Here I propose that the selective importance of pollinator quantity and
quality is modulated by floral abundance. At high floral abundance, as
more pollinators are required for sufficient pollination, plant
reproduction is more strongly limited by pollinator quantity.
Conversely, pollen loss to inefficient carryover and interspecific
visits is reduced as floral density increases. Therefore, increased
floral abundance should increase the selective importance of pollinator
quantity while reducing the selective importance of pollinator quality.
Under these conditions, plants should benefit from generalized
pollination where more pollinators, but perhaps more wasteful ones, have
access to flowers. At low abundance, the dynamic is reversed and plants
should benefit from specializing on efficient carriers of their pollen.

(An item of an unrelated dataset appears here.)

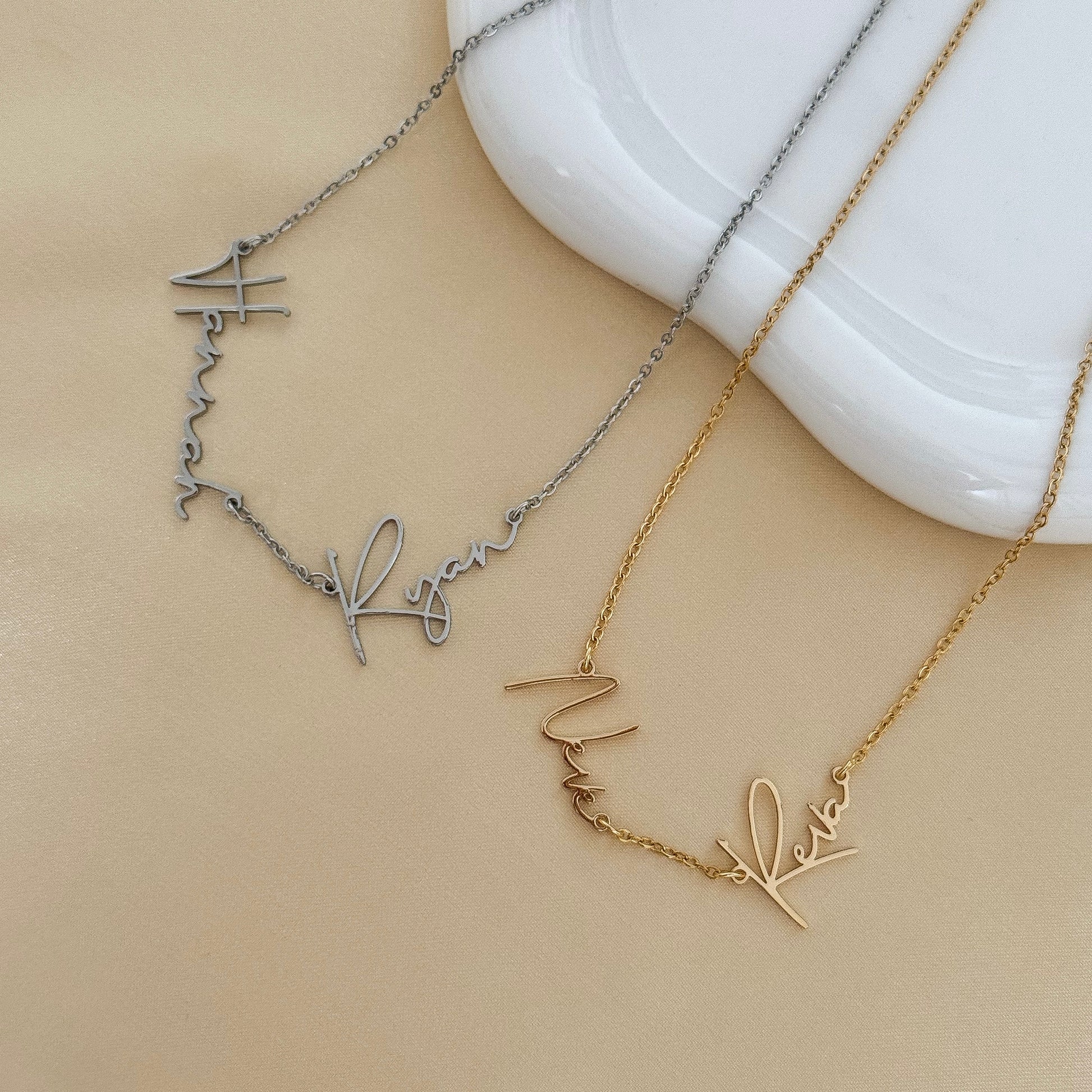 The iconic Personalised Two Name Necklace enables you to create the ultimate signature accessory and make the perfect gift! The dreamy Personalised Necklaces are totally unique to you. Play with up to 8 characters per name to create a classic bespoke Personalised Necklace that’s all about you or someone special.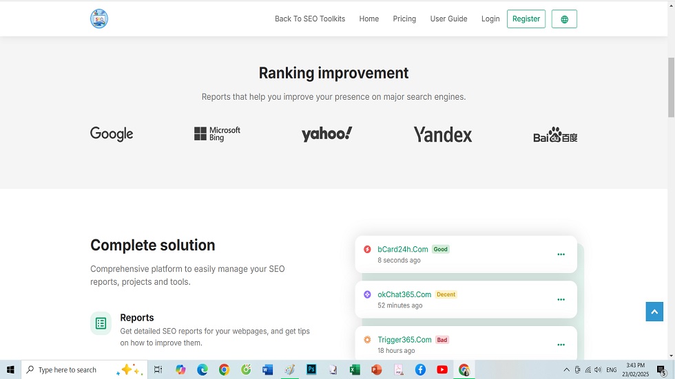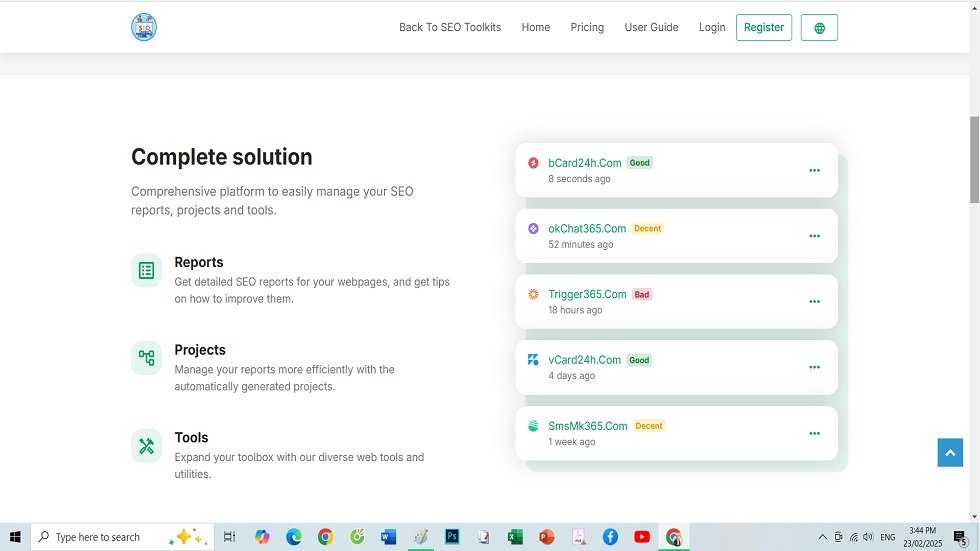 The SEO Health Check Tool provides in-depth SEO analysis, performance evaluation, security checks, project management, diverse web tools, advanced reports, and flexible service plans to enhance website rankings and efficiency.

While I have so far considered a dichotomy between low and high
abundance, plant populations can exist in any state from extremely rare
to abundant. Likewise, pollinators vary in their abundance (quantity
component) and efficiency (quality component). As each pollinator offers
a unique combination of quantity and quality components of pollination,
changes in a plant species’ relative abundance in a community will shift
the identity of the pollinator representing the most effective
pollinator, and therefore, the pollination system resulting in a fitness
optimum. In this view, floral abundance shapes the plant selective
landscape. Variations in plant abundance move the fitness peak of the
selective landscape toward different pollination systems, fostering
floral diversification.
Model of pollen transfer
Here I develop a mathematical model which determines how the optimal
pollinator or set of pollinators for a plant population changes as a
function of floral abundance. The model measures the proportion of
pollen grains produced by a single flower of the focal species
(hereafter ‘focal flower’) that reaches conspecific stigmas. This value
is influenced by the interaction of several pollination processes that
are linked to floral abundance (described above): pollen removal and
carryover, intra- and interspecific competition for pollinator
visitation, and interspecific pollen transfer. By tracking pollen fate,
the mathematical model explicitly determines the pollination system
maximizing male reproductive success. However, selection through either
male and female function is expected to reach the same solution in terms
of optimal pollination system as long as pollen receipt and export are
limiting and are governed by the same variables for each sex (i.e.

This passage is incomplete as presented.